Stretching for Seniors

“Why won’t you use a wheelchair,” I asked my mom, hating the impatient tone that had crept into my voice.

She had no problem pretending to need one at Disney, when it meant moving her grandkids up to the front of the line, or at the airport, so she could breeze through the TSA check on her way to a cruise ship, where she would no doubt be walking miles, stem to stern.  Why now, when she was at an effing hospital, was she refusing a wheelchair?

“Because I am not dead yet. I can still walk. Why are you are so impatient!” she said.

These were the only words my ballsy mother had uttered to me in the past two hours. She probably wished my brother were with her instead of me, and I didn’t blame her. I felt like an awful daughter.

I was inept at navigating the big city hospital and it was exacerbated by the stress of my mother’s illness. I walked five feet ahead of her, helpless without an app to lead us to the MRI suite for her final scan of the day.
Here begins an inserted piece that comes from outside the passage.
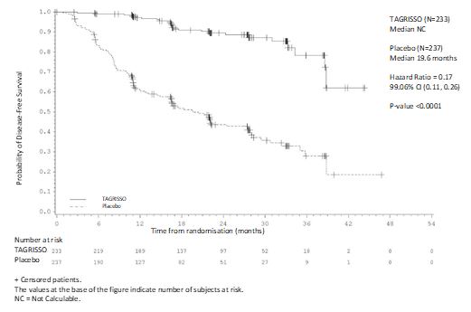 2 연구자 평가에 의한 ORR 및 DoR 결과는 눈가림된 독립적 중앙 검토(Blinded Independent Central Review, BICR)를 통해 보고된 것과 일치한다; BICR 평가에 의한 ORR은 오시머티닙 치료 시 64.9% [95% CI: 59.0, 70.5], 항암화학요법제 치료 시 34.3% [95% CI: 26.5, 42.8]였다. ; BICR에 의한 DoR은 오시머티닙 치료 시 11.2개월(95% CI: 8.3, NC), 항암화학요법제 치료 시 3.1 개월(95% CI: 2.9, 4.3)이었다.

I had one job and I felt like I was failing miserably.

My mother walked along slowly behind me in her green puffer, her muscles visibly aching, the puffer falling off her left shoulder. We walked in one direction, and then another. Passed the Garden Café twice. The gift shop three times. I felt like an awful daughter.

“Go to the Nuclear Medicine Department at the end of the hall,” one very busy looking doctor told us.  We trudged on.

“Go to the Women’s Health Center, down one level,” the Nuclear Medicine people told us. We shuffled over to the hospital elevator to go down.

“Go up to Radiology Lab on the third floor,” the Women’s Health Center receptionist told us, without even looking up.

We both snapped at the same time.

“If we miss this appointment I don’t know when I’ll get another. I can’t miss this. I can’t wait any longer to get these results, my mother cried.

I know! I’m doing the best I can with the little l have,” I cried back.

“Where are all the helpers? Isn’t this an effing hospital? I cried to the receptionist and stormed out, leaving my mother behind.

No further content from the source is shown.